RED TURTLE: Pardon me, but you’re sitting on what I consider my shell. It’s nothing against you personally. I don’t like anyone sitting on my shell like that. 

SADBOY: Whoah! I’m sorry, turtle-person. I thought you were just some oddly looking rock.

RED TURTLE: No need for apologies, I do look a bit like some oddly looking rock when I’m within myself. It’s my head, tail and legs that make one realise I’m actually a turtle, you see?

SADBOY: I see. What’s your name?

RED TURTLE: My name is RED TURTLE. What is your name?

SADBOY: SADB- … SQUIDIUS.

RED TURTLE: Your name is SADB- … SQUIDIUS?

SADBOY: No, it’s SQUIDIUS. And SADBOY, I guess, as well.

RED TURTLE: So your name is SQUIDIUS and SADBOY?

SADBOY: You could say that yes.

RED TURTLE: Well what do you say?

SADBOY: Fuck it, let’s go with SADBOY. It’s who I am here now after all.

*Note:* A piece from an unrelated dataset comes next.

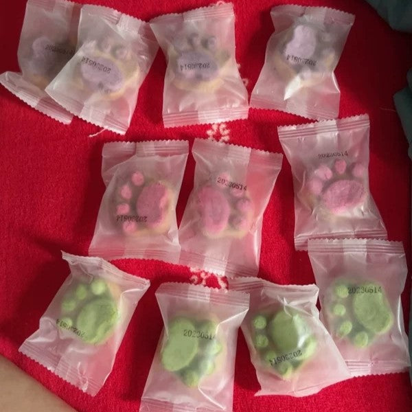 The treats are shaped like paws and coming in different color variants, to make sure that they're looking extra cute and enticing!
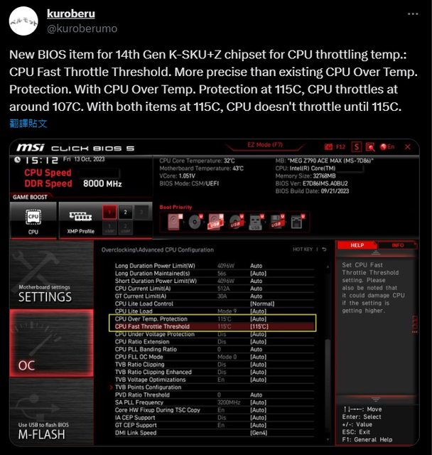According to kuroberu, the user who shared the Z790 ACE MAX motherboard screensh

RED TURTLE: Nice to meet you, SADBOY. You know, I call myself RED TURTLE because I am a red turtle. Why do you call yourself the way you do? You seem to be some kind of squid or octopus person, although I’m sorry to say I don’t really see what it is you actually are. That is O.K., not everyone has to appear in a way easy to understand. I get it. I too get misunderstood when I am within myself and people only see my shell. They think things like you did, that I’m made of stone, an oddly shaped one. Your name, does it mean you’re you sad?

SADBOY: Uhm… I mean I just some moments ago spoke to a crow who told me endlessly about how language is broken and names don’t mean anything, yada-yada fuck me and all that. If this is some fucking test I swear I’m going to lose my mind— CROWBOY? CROOOOWBOOOY? I KNOW WHAT YOU’RE UP TO!

RED TURTLE: I’m sorry. I don’t understand. Who is CROWBOY? Who are you? I don’t think I know who CROWBOY is. This is my forest and I live near the lake. I’m quite sure I’ve never seen anyone named CROWBOY, but I do see crows sometimes. So maybe… I don’t know for sure of course.

SADBOY: I… CROWBOY is something in the shape of a crow. Like, like some kind of annoying trickster-spirit that’s just terribly incompetent. A shapeshifting insanity. Something like that. Whatever. He’s the one who named me SADBOY, because I am sad and he thought it a fitting name for me, so please CROWBOY if this is one of your tricks again just get it over with and appear to me in your crowish form again and shadow my sadness, allright?

RED TURTLE: I’m sorry to hear that. Why are you sad?

SADBOY: I uuhhm… I lost a loved one recently. A fatal accident; driving on the back of a motor of someone she barely even knew. She died somewhere in Jeruzalem…

RED TURTLE: Oh… I’m really sorry about that. I know there is not much that I can do, but I can offer you a cup of tea, would you like that? I have some at my house.

SADBOY: I, ehh I guess I would love that, thank you. You don't sound like CROWBOY... Thankfully. Or, I mean, well... hopefully you're not.

RED TURTLE: I don't think so, I think I would have known such a thing. I do know tea. Tea is wonderful. Nobody ever said otherwise. Or maybe they did. I don’t really know that. Maybe I don't know that many things, but I do know that tea is good.. If someone says otherwise they are wrong! Or perhaps they only drank bad tea? Or unless they said it was even better than w o n d e r f u l! That I would understand. Tea can be bad, good or even better than amazing, wouldn't you agree? Tea is nourishing to the soul, don’t you think so too? A warm cup of tea is so embracing and cold it can be so gently refreshing!